ANSYS unveils new technology for printed circuit boards and integrated circuit packages; delivers end-to-end signal integrity analysis in single user interface.

This ANSYS SIwave-DC screen image depicts a DC voltage drop analysis. Image courtesy of ANSYS, Inc.


SCDear Desktop Engineering Reader:

The goal of every design project is to get it right the first time—“first-pass success” in hipster MBA-tainted lingo. One key to first-pass success is to analyze and verify the accuracy of your design six ways to Sunday and maybe add in a little double overtime too. But intense competition, fewer resources, minimal physical prototyping and extremely tight deadlines have shortened development cycles, increasing the pressure on you to get it right first try. Today’s Pick of the Week looks at a suite of electromagnetic (EM) simulation software from ANSYS called SIwave. It might just be the thing to help designers of high-speed printed circuit boards (PCB) and integrated circuit (IC) packages get it right the first time within their timelines.

The sketch on ANSYS SIwave is that it’s a 3D platform for power integrity, signal integrity and EMI (electromagnetic interference) analysis of electronic packages and PCBs. ANSYS says that the SIwave suite helps you quickly identify potential power and signal integrity problems. The suite deploys a single interface across its many capabilities, which should make it easier to access tools and more flexible to work with.

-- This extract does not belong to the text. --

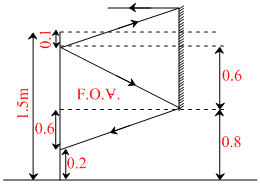 A boy of height 1.5 m with his eye level at 1.4 m stands before a plane mirror of length 0.75 m fixed on the wall. The height of the lower edge of the mirror above the floor is 0.8 m. Then :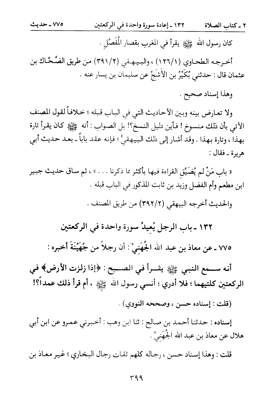 132- باب الرجل يُعِيدُ سورة واحدة في الركعتين

SIwave is intended to help you evaluate an entire design from package to board, including the coupling effects between traces, packages and boards. Bi-directional links with ANSYS Icepak and ANSYS Mechanical toolsets help you predict temperature rise, thermal induced stress and structural integrity. You can export SIwave results to SPICE-compatible tools for time- and frequency-domain analysis. The suite is tuned for simulation and high-performance computing. The bottom line is that SIwave can help you identify and resolve signal- and power-integrity problems in your IC and PCB designs before you get down to expensive hardware prototyping.

The core of the SIwave suite is a hybrid field finite element EM solver engine that provides frequency and time-domain analyses using your IC or PCB design’s geometry. SIwave directly imports layout data from major ECAD packages outfits like Mentor Graphics and Zuken, meaning that SIwave extracts frequency-dependent circuit models of signal nets and power distribution networks with the physical dimensions and characteristics of your design.

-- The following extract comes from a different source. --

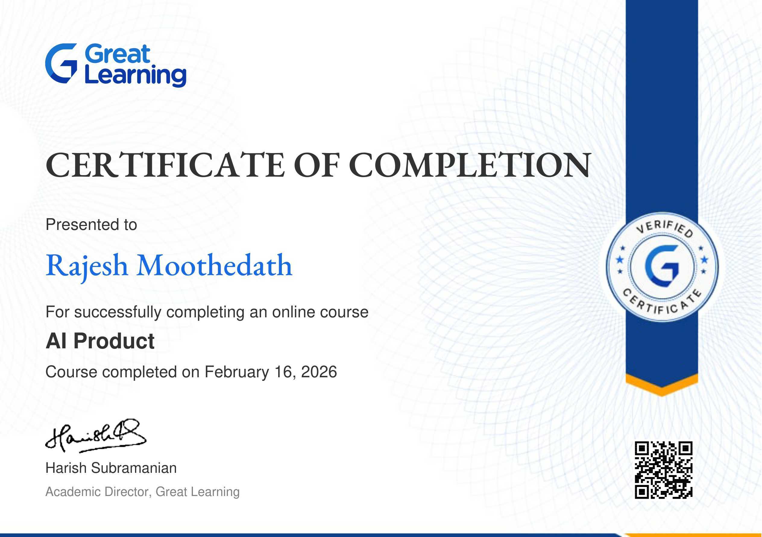The certificate above verifies that Rajesh Moothedath has successfully completed the course AI Product

ANSYS SIwave comes in three flavors: SIwave-DC, SIwave-PI and SIwave. The SIwave-DC product is for the DC (direct current) analysis of low-voltage, high-current PCB and IC packages and enables engineers to assess critical end-to-end voltage margins for reliable power delivery. SIwave-PI builds off SIwave-DC and adds AC (alternating current) analysis features for modeling power delivery networks and noise propagation on PCBs.

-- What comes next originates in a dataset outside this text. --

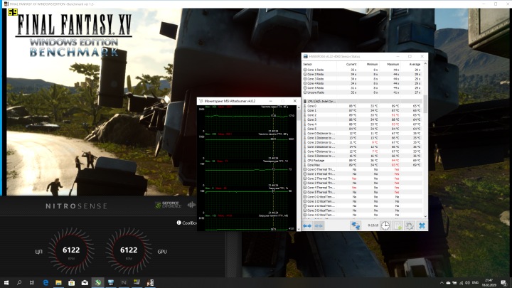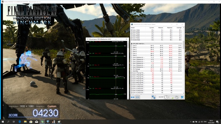 В обычных играх пиковые температуры CPU могут быть еще выше. 20-минутный тест Final Fantasy XV: Windows Edition прогрел процессор до 92–97 °С. Но после снижения частот ядер до 3,0–3,5 ГГц температуры опустилась ниже планки в 90 °С. Ядро видеокарты работало на частотах 1575–1605 МГц с небольшими всплесками выше этого уровня при температуре до 82 °С.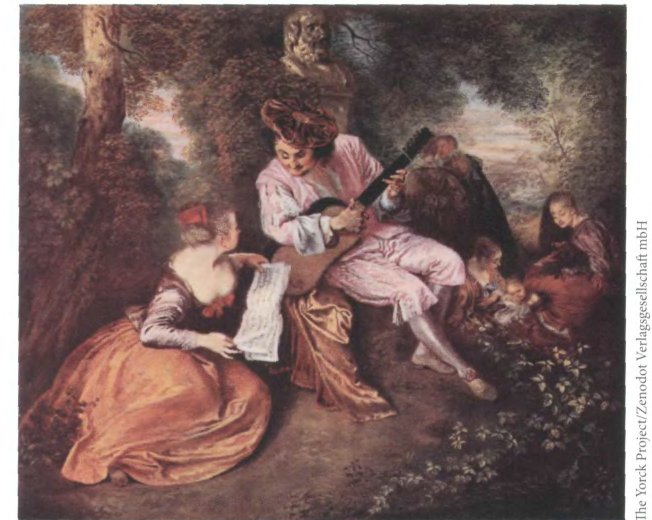 Антуан Ватто. Любовная гамма. Ок. 1717. Лондон, Национальная галерея. «Любовная гамма» — пример изображения «галантной любви» в живописи: ухаживания здесь эстетизированы, а любовники вдвоем заняты гармоничным искусством.

ANSYS SIwave has all the functionality of SIwave-DC and SIwave-PI plus a time-domain circuit simulation engine for end-to-end signal integrity design and compliance. SIwave also includes common Input/Output Buffer Information Specification (IBIS) analyses, which provides virtual compliance competence.

You can learn more about the SIwave suite from the links at the end of today’s Pick of the Week write-up. Jump to “the features of each ANSYS SIwave product” link to learn more about each individual SIwave product. However, the mother lode of in-depth details resides on the ANSYS SIwave page linked at the immediate end of today’s Pick of the Week write-up.

When you get there, first scroll down to see a quick list of competencies in each version of SIwave then make sure to sign up and download the white paper “From Signal Integrity to Product Integrity.” It’s nine pages of why minimizing EMI and ensuring integrity is so important to current and future product development. You also have seven on-demand video demos (ranging in size from about four minutes to over 15) and six tech briefs to investigate. If you have the time (43 minutes), check out the webinar on joule heating simulation using SIwave-ANSYS Icepak connectivity. It’s pretty good.

Thanks, Pal. — Lockwood

Anthony J. Lockwood

Editor at Large, Desktop Engineering

Read today’s pick of the week write-up.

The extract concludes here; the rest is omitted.